Interrupts and exceptions explained (Part 3)

In Part 1 discussed interrupt processing that happens when an x86 processor executes in privileged protected mode (ring 0). It pushes interrupt frame shown in the following pseudo-code:

push EFLAGS
push CS
push EIP
push ErrorCode
EIP := IDT[VectorNumber].ExtendedOffset<<16 +
   IDT[VectorNumber].Offset

Please note that this is an interrupt frame that is created by CPU and not a trap frame created by a software interrupt handler to save CPU state (_KTRAP_FRAME).

If an x86 processor executes in user mode (ring 3) and an interrupt happens then the stack switch occurs before the processor saves user mode stack pointer SS:ESP and pushes the rest of the interrupt frame.

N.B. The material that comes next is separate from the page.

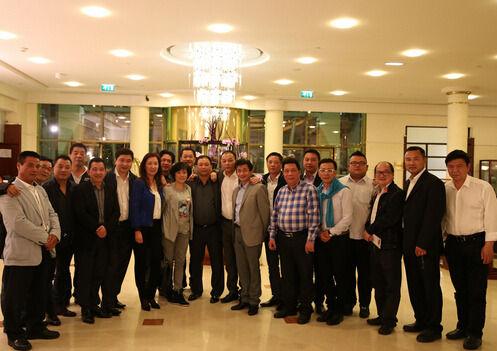 法华工商会会长郭智敏感谢杨小龙为在法华工商会回温州考察期间的热情接待,并请其介绍在国内二次创业的心得体会,以便让想回国创业的法华工商会会员“未雨绸缪”。

Pushing both SS:RSP always happens on x64 processor regardless of the current execution mode, kernel or user. Therefore the following x86 pseudo-code shows how interrupt frame is pushed on the current stack (to be precise, on the kernel space stack if the interrupt happened in user mode):

push SS
push ESP
push EFLAGS
push CS
push EIP
push ErrorCode
EIP := IDT[VectorNumber].ExtendedOffset<<16 +
   IDT[VectorNumber].Offset

Usually CS is 0×1b and SS is 0×23 for x86 Windows flat memory model so we can easily identify this pattern on raw stack data.

Why should we care about an interrupt frame? This is because in complete full memory dumps we can see exceptions that happened in user space and were being processed at the time the dump was saved.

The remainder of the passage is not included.